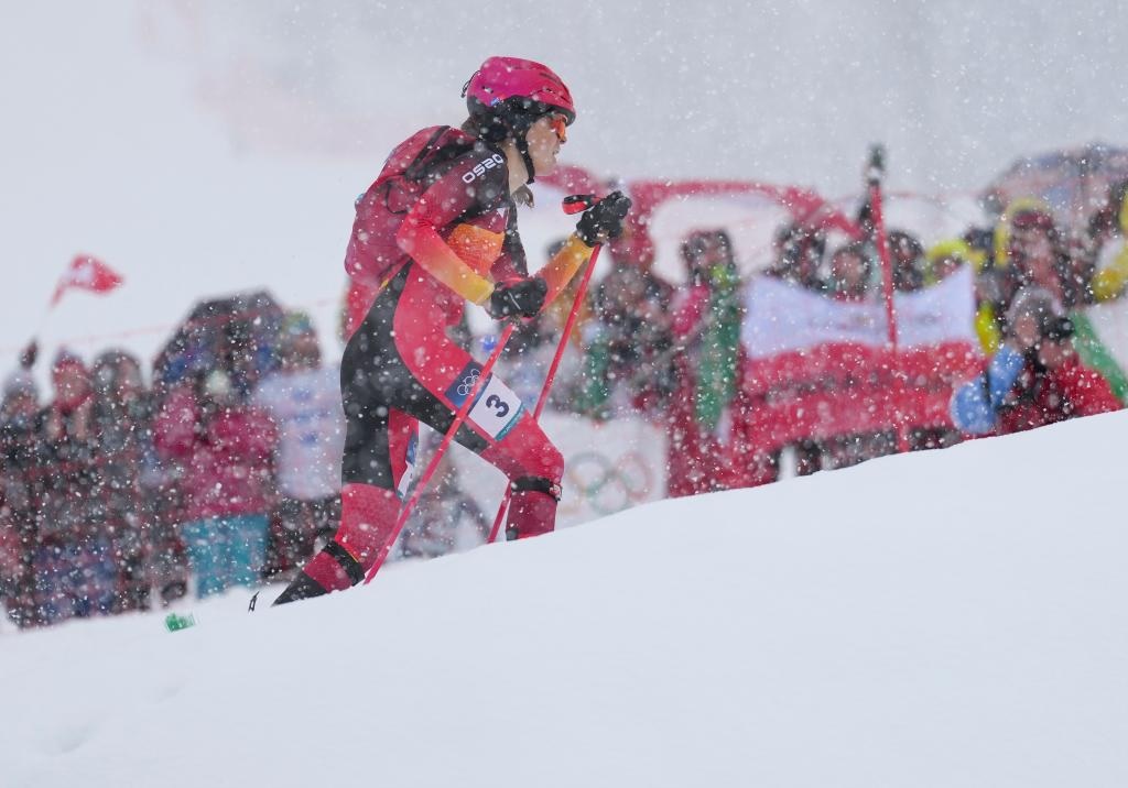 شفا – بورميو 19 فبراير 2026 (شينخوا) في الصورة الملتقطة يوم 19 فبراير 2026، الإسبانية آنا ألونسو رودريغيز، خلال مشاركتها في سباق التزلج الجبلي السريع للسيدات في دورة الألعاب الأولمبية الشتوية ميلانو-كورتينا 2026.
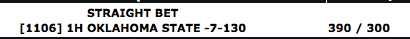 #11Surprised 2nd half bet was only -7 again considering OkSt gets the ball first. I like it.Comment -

* * *

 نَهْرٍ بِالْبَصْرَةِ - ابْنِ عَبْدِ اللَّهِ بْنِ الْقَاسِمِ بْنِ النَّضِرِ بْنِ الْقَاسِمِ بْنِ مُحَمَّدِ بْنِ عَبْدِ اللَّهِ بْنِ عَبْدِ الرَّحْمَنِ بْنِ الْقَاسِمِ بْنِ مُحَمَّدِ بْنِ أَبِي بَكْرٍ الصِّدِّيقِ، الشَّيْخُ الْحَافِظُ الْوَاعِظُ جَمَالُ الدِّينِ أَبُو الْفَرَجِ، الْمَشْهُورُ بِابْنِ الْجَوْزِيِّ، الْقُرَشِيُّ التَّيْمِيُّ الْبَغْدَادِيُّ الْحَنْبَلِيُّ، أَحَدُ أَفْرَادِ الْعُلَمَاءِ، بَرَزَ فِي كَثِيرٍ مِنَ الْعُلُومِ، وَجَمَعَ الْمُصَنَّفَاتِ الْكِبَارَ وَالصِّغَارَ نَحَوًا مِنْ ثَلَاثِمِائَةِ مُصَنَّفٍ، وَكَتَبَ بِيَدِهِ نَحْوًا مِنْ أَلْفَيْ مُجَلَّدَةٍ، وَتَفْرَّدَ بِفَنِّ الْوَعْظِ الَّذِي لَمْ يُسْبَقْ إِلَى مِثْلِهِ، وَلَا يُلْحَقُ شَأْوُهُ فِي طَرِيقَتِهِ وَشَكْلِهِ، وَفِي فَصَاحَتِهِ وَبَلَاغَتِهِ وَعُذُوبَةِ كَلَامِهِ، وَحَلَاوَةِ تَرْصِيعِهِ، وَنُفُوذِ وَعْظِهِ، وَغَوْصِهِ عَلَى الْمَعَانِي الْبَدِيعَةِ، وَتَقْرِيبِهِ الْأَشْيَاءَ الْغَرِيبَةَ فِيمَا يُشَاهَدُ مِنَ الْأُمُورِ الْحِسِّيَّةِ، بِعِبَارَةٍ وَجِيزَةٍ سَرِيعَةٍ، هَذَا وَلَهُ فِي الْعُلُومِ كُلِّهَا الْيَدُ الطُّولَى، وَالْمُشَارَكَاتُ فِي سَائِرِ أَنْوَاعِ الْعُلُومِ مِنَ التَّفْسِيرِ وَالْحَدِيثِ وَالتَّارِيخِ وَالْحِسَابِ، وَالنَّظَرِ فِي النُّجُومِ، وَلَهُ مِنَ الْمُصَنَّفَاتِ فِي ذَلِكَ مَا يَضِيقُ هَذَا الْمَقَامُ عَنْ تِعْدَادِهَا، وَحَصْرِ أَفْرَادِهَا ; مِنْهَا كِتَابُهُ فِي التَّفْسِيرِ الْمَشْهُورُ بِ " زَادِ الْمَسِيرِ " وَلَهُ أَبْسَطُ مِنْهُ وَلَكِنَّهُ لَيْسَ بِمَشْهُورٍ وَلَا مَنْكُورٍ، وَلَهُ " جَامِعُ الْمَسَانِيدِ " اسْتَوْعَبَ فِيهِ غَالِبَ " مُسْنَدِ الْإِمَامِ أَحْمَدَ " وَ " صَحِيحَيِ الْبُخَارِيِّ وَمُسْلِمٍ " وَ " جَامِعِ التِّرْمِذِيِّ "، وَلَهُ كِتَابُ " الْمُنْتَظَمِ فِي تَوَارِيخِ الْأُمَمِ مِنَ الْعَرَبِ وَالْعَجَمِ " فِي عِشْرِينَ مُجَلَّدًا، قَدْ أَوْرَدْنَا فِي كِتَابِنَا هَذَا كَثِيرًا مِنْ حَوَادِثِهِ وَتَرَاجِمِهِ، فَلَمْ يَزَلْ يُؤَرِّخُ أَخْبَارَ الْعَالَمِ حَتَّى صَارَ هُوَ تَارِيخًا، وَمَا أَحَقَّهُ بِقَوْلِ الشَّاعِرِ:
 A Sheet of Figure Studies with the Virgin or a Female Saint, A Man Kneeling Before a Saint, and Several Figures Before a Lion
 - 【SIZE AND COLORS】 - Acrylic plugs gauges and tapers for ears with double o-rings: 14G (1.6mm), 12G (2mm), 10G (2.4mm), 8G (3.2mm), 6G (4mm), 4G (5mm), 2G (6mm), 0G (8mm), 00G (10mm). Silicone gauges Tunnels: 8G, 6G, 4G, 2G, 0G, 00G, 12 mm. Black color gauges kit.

* * *

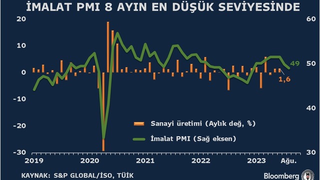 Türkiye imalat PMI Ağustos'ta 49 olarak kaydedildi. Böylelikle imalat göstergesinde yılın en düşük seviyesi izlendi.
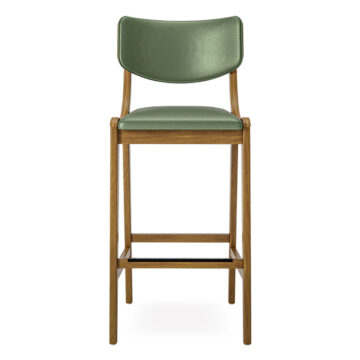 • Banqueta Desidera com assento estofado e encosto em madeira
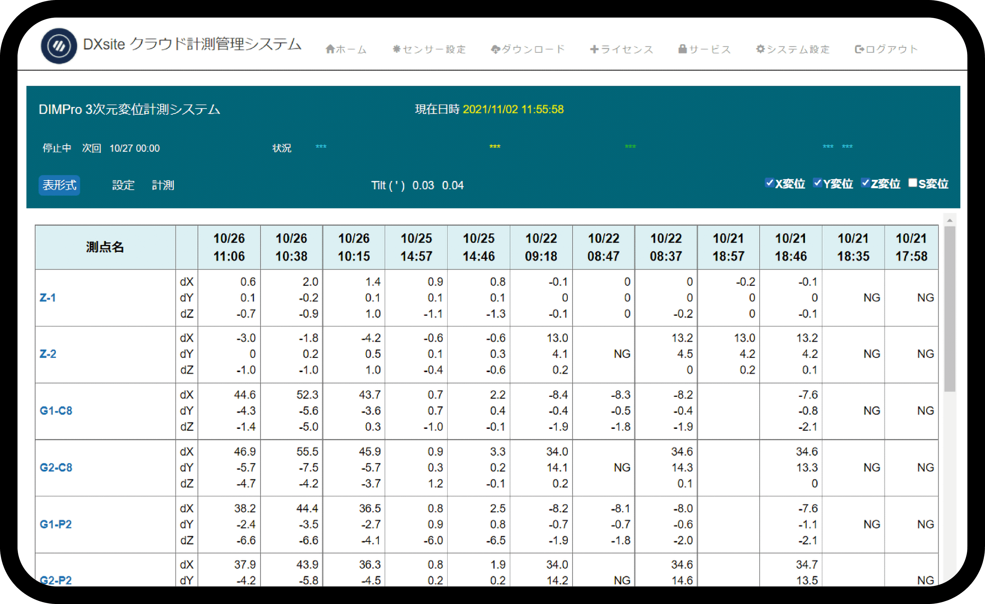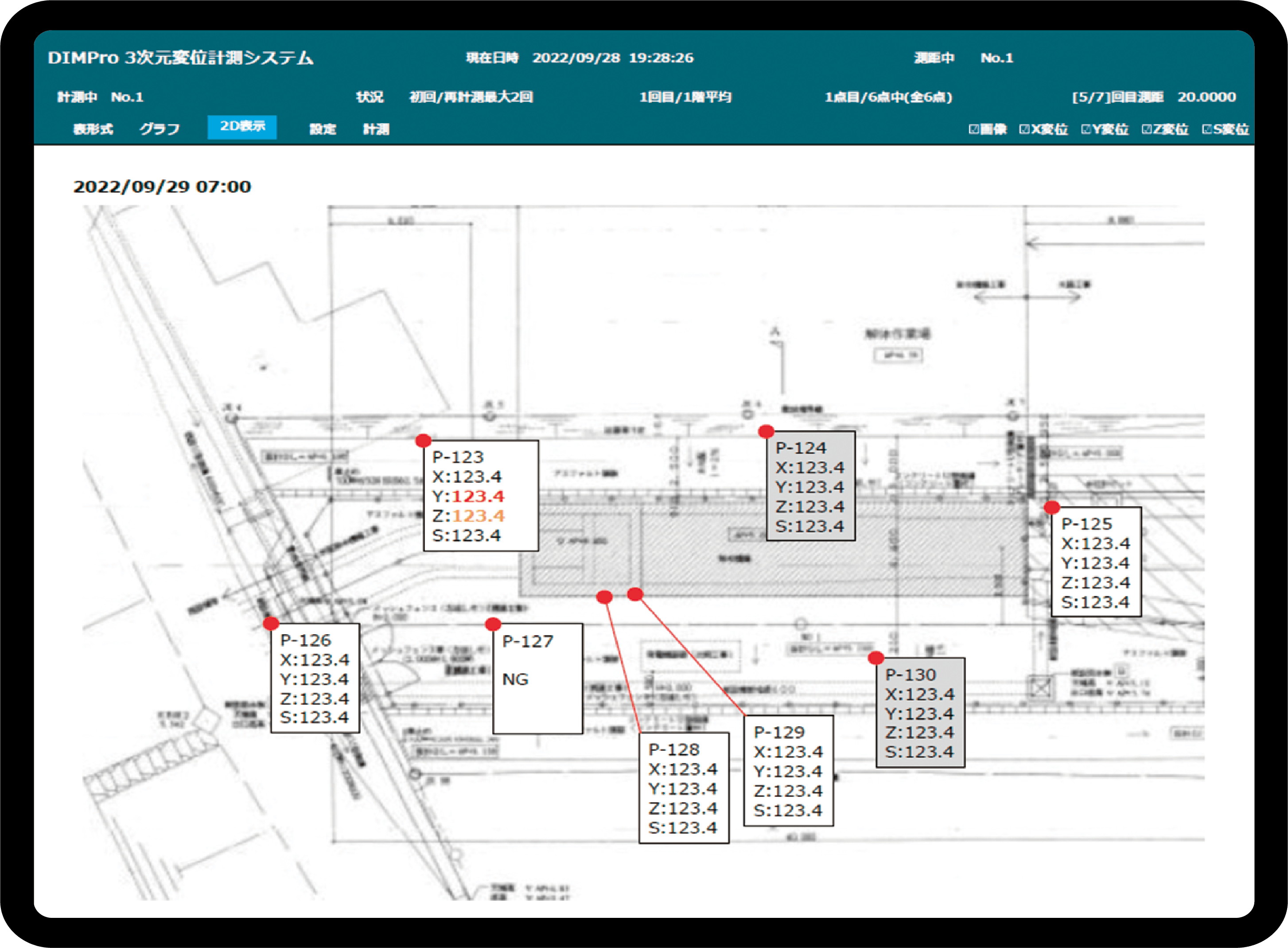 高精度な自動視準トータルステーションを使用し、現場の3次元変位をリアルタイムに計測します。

• Task prompt: Write down exactly what the lines above say, from the line holding "شفا – بورميو" through the line holding "#11Surprised 2nd half", and nothing more. Do not copy the pictures.

• The completed task:
 شفا – بورميو 19 فبراير 2026 (شينخوا) في الصورة الملتقطة يوم 19 فبراير 2026، الإسبانية آنا ألونسو رودريغيز، خلال مشاركتها في سباق التزلج الجبلي السريع للسيدات في دورة الألعاب الأولمبية الشتوية ميلانو-كورتينا 2026.
 #11Surprised 2nd half bet was only -7 again considering OkSt gets the ball first. I like it.Comment -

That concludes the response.